Работа со словом была, конечно же, главным приложением сил Леонова. Я попросил его, что называется, на вскидку привести пример образности и лаконизма в поэзии.

Есть упоение в бою,

И бездны мрачной на краю,

И в разъяренном океане,

Сквозь грозных волн и бурной тьмы,

И в аравийском урагане,

И в дуновении Чумы.

Леонов по памяти прочитал строки из «Пира во время чумы», с восхищением выделив два последних слова.

— Художник должен быть требовательным к себе. Нам есть чем гордиться и есть у кого учиться, — говорил он, беседуя со мной. — Возьмите гоголевского «Ревизора». Во всем мировом искусстве мало найдется подобных шедевров. Эта пьеса написана так, словно гениальный гравер, не отрывая руки, в одно касание создал своим резцом портрет эпохи. «Казаки» Толстого, «Капитанская дочка» Пушкина — вот примеры-то где!

...Приехал я как-то к Леонову в Переделкино. Он работал в это время в саду. Оттер руку от влажной земли. Поздоровались. Рука у него мужицкая, сильная, годная к любой работе. Пальцы, я давно это заметил, когда он разжимал кулак, могли выгибаться, как у пианиста, в обратную сторону. Ногти длинные и очень крепкие, что по народной примете свидетельствует о породе и о долголетии.

Пошли по саду. Все, что там росло и цвело, было посажено и выхожено руками Леонида Максимовича: и ели, и сосны, и березы, и кустарники, и — гордость хозяина и Татьяны Михайловны — цветы редкостного разнообразия сортов и названий. Хотя у Леонова и не было диплома биолога, но я-то уверен, что автор «Русского леса» заслужил его. Дотошность его, доскональность в постижении темы поразительны. В годы войны после публикации повести «Взятие Великошумска» маршал бронетанковых войск Рыбалко, командиры танковых корпусов и дивизий, прослушав в авторском исполнении повесть, готовы были присвоить писателю Леонову звание инженер-майора бронетанковых войск.

Мы неспешно осматривали сад. Показывая то или иное растение, Леонид Максимович непременно поминал и своих благодетелей. Этот можжевельник подарили-де сотрудники Московского ботанического сада, яблоню привез Владимир Солоухин, а кедр — Владимир Чивилихин.

На просторной террасе рядом с рабочим кабинетом у Леонида Максимовича содержались теплолюбивые растения из разных стран. Показывая японскую карликовую сосну, Леонов рассказал не знаю уж от кого слышанный им исторический факт. Во время пребывания в Стране восходящего солнца в 1891 году наследник престола будущий царь Николай II получил в подарок поразившую его карликовую сосну возрастом в триста лет. Она была в изящном керамическом горшочке размером в два мужицких кулака. Получив подарок, Николай Александрович передал его в руки сопровождавших его. Но на этом история не кончилась. По недосмотру или по какой другой причине горшочек тот разбился. Не предавая дело огласке, виновные вышли-таки из затруднения. Они купили точно такой же горшочек и пересадили в него сосну. Все бы ничего, но тот горшочек был самую малость, может быть и всего-то на пару миллиметров, пошире. Раритет доставили в столицу, в личные апартаменты цесаревича. И что же?

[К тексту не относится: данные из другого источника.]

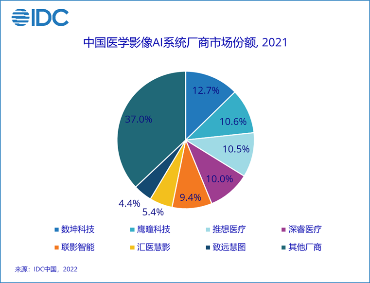 其中,數坤科技及其子公司語坤科技、鷹瞳科技、推想醫療、深睿醫療、聯影智能的多個醫學影像AI產品已經獲得了第三類醫療器械註冊證,依託於公司綜合的產品研發能力和廣闊的市場合作,佔據了領先地位。另外,匯醫慧影、致遠慧圖、科亞醫療、醫準智能等廠商也不斷拓展產品線,創新應用及商業模式,市場份額也緊隨其后。整體上隨着人工智能醫學影像產品和商業模式正不斷創新,市場競爭將日趨激烈。
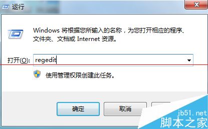 2、在彈出運行對話框輸入【regedit】命令,點擊確定,打開注冊表編輯器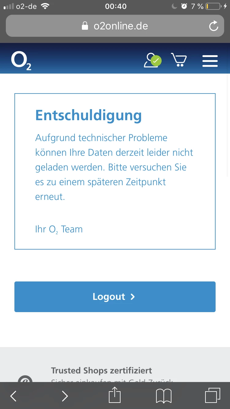 Kann einfach nicht die o2 App laden & mein Datenvolumen, Rechnungen etc. angucken..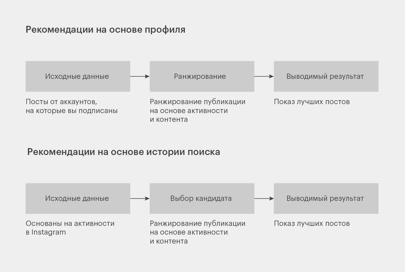 Схема формирования вкладки «Интересное» в Instagram. Инфографика: Майя Мальгина / Skillbox Media. Источник: блог Instagram.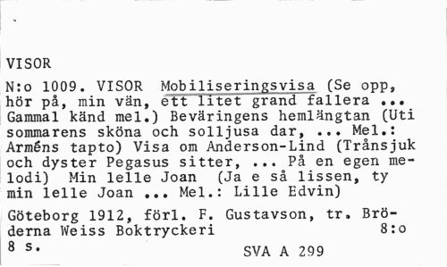 //// VISOR //// N:o 1009. VISOR Mobiliseringsvisa (Se opp, hör på, min vän, ett litet grand fallera ... Gammal känd mel.) Beväringens hemlängtan (Uti sommarens sköna och solljusa dar, ... Mel.: Arméns tapto) Visa om Anderson-Lind (Trånsjuk och dyster Pegasus sitter, ... På en egen melodi) Min lelle Joan (Ja e så lissen, ty min lelle Joan ... Mel.: Lille Edvin) //// Göteborg 1912, förl. F. Gustavson, tr. Bröderna Weiss Boktryckeri 8:0 //// 8 St SVA A 299 ////

— ...Через полгода от корня сосны выпер вот такой сук. — И Леонид Максимович энергично обнажил руку по локоть.

Что и говорить, Леонов знал и любил работу с растениями, как редкостный профессионал. Притом он был одарен на всякую ручную работу. Поддоны, стеклянные колпаки, специальное освещение и утепление — все это было сделано им самим с учетом нашего континентального климата и непредсказуемости коммунальных служб.

На террасе находилась компактная слесарная и электромастерская. Леонов точил по дереву и металлу на токарном станке, думаю, не хуже, чем царь Петр Великий. Кроме того, у него были технические изобретения — в частности, для проведения работ по спектральному анализу, за которые он мог при желании получить авторские свидетельства.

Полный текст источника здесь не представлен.